PROVIDED MATERIAL =>
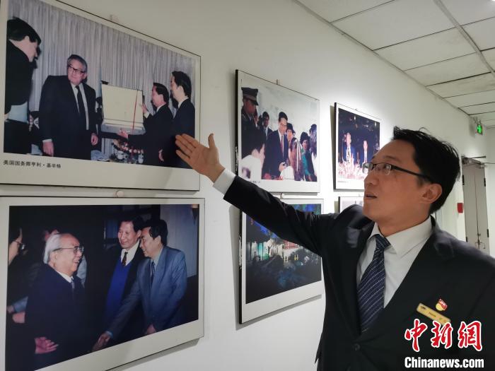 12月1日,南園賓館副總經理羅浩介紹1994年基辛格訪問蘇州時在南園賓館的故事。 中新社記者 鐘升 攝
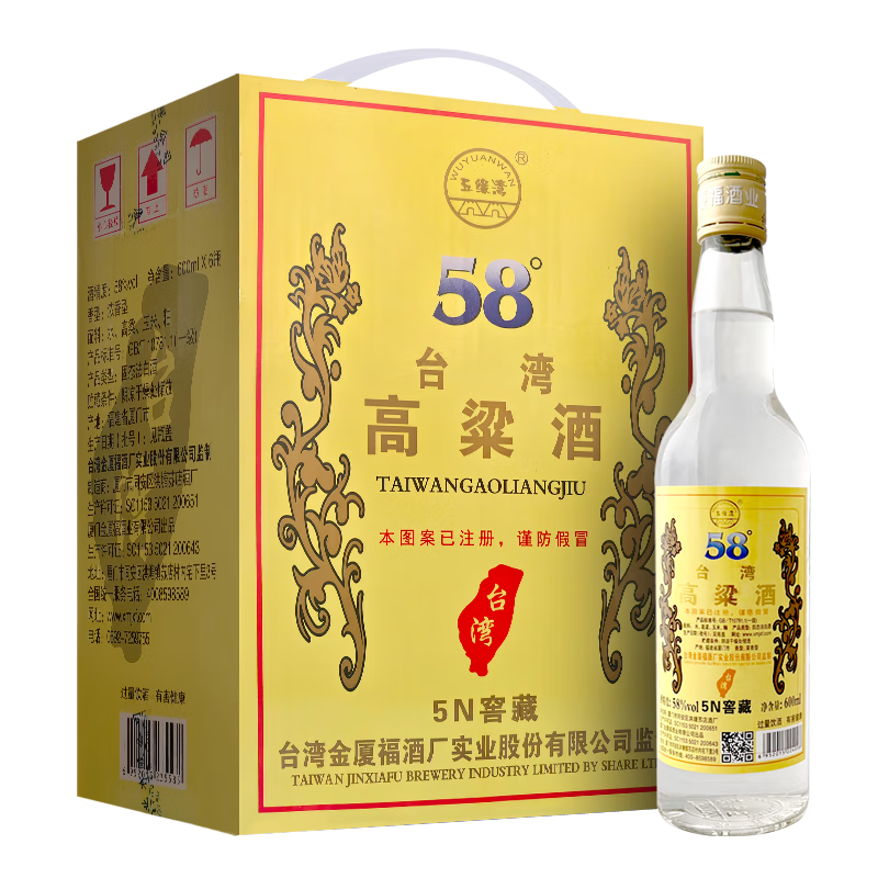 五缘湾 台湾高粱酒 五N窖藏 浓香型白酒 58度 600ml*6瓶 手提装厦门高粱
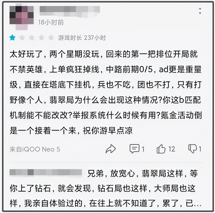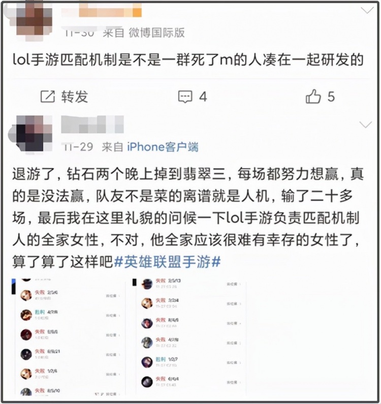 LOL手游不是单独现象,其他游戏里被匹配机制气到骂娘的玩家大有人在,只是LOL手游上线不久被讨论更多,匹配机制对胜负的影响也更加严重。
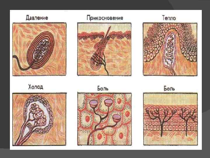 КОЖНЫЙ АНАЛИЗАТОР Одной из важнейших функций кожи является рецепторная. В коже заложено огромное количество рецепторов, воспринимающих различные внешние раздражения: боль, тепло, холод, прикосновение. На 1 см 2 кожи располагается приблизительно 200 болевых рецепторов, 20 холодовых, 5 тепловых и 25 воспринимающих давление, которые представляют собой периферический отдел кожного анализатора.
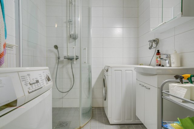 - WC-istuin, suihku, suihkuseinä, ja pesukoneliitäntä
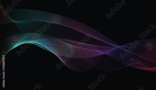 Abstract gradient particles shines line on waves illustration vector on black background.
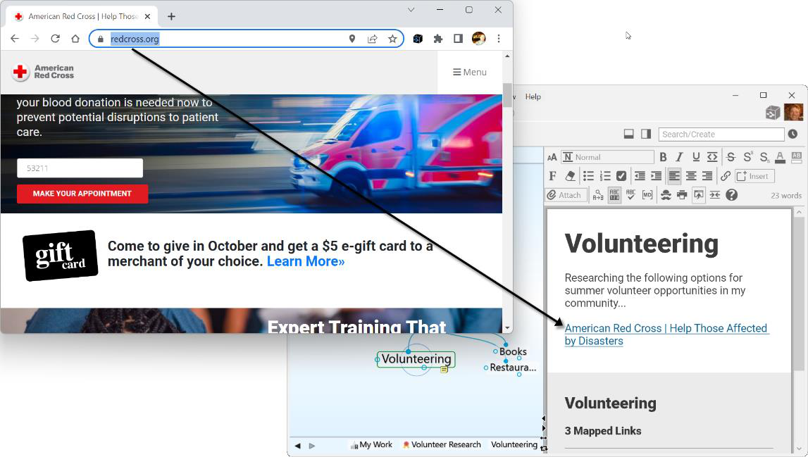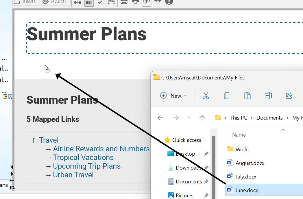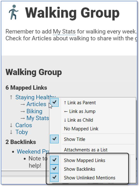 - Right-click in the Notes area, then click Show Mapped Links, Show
...
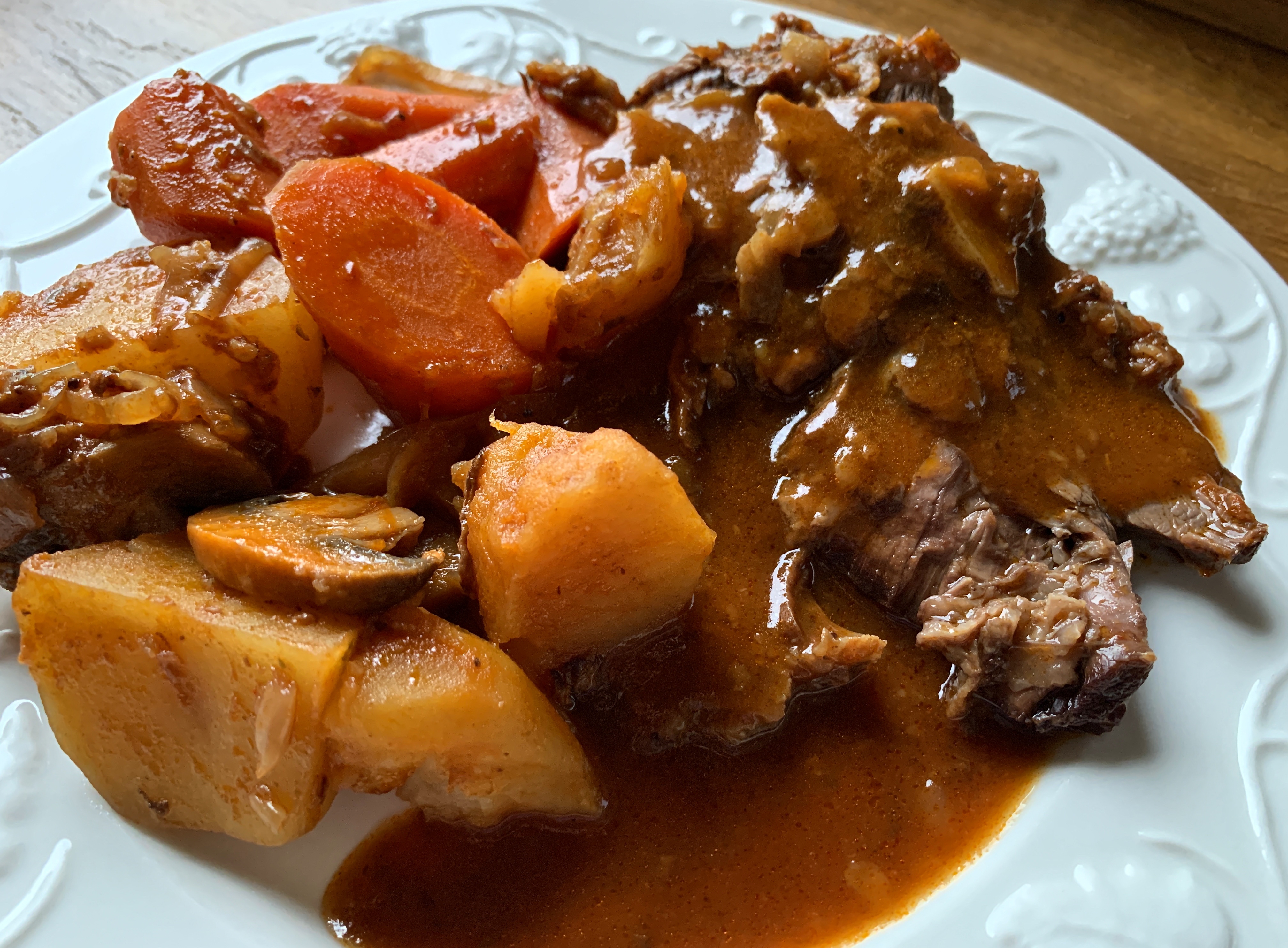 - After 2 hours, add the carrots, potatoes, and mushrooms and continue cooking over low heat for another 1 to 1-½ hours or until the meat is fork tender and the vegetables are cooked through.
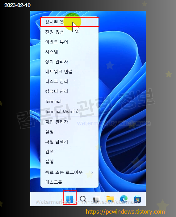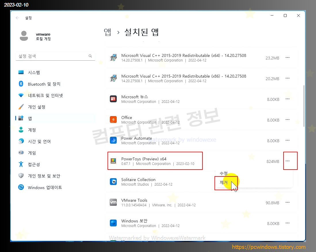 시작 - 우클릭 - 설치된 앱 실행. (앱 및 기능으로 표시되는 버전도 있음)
==
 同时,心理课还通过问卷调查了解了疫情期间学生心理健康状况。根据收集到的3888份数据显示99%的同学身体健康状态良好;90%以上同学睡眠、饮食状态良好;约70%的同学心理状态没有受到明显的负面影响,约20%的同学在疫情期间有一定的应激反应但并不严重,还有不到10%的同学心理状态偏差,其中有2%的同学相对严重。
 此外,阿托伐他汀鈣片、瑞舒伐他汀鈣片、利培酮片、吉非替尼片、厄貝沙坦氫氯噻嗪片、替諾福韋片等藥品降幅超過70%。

REQUIREMENT => Above are the records; please give again, exactly and in full, only the lines that run from the line with "- WC-istuin, suihku, suihkuseinä, ja" through the line with "- Right-click in", with no pictures.

COMPLETED EXERCISE =>
 - WC-istuin, suihku, suihkuseinä, ja pesukoneliitäntä
 Abstract gradient particles shines line on waves illustration vector on black background.
 - Right-click in the Notes area, then click Show Mapped Links, Show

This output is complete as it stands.